The Web 3.0 definition can be extended to: data will be interconnected in a decentralized means, which would be a huge jump ahead to our present generation of the net (Web 2.0), where data is mainly kept in centralized repositories.

Customers and creators will engage with data. But also, for this to take place, programs need to comprehend information both conceptually and contextually. The foundations of Web 3.0 will be based on semantic internet and expert systems (AI).

Key Features of Web 3.0 and applications

To really understand the next stage of the internet, we require looking at the key features of Web 3.0:

Ubiquity

Ubiquity shows being or having the capacity to be anywhere, especially at the same time. Simply put, omnipresent. Web 2.0 is already ubiquitous considering that, for example, a Facebook customer can quickly record a picture and share it, which then becomes common given that it's offered to any person no matter where they are, if they have accessibility to the social media platform.

Universality

Web 3.0 makes the internet accessible to everyone, anywhere, at any moment. In the future, internet-connected gadgets will change, since IoT (Web of Things) technology will certainly generate a variety of new types of clever devices.

Semantic Internet

Semantic is the research of the relationship between words. For that reason, the Semantic Internet, according to Berners-Lee, makes it possible for computer systems to evaluate lots of information from the Internet, which includes content, purchases, and web links in between persons.

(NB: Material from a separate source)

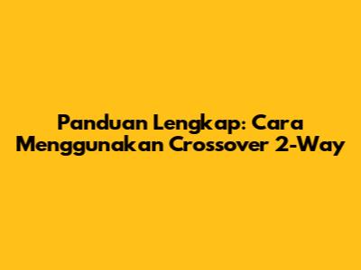 Panduan Lengkap: Cara Menggunakan Crossover 2-Way

A common demand for a Web 3.0 application is the capability to digest large-scale information and turn it into accurate expertise and valuable user interaction. The semantic applications are still at their onset, which implies that they have a great deal of space for innovation.

Closing Thoughts

The new internet will certainly provide a more personal and customized surfing experience, a lot smarter and lot more human-like. It will also bring in an equitable internet as decentralization takes precedence. The individual customers will become a sovereign over their data.

Web 3.0 will certainly arrive - taking into consideration exactly how smart tools have already changed our behavior patterns. The internet will end up being tremendously extra integrated in our day-to-days live.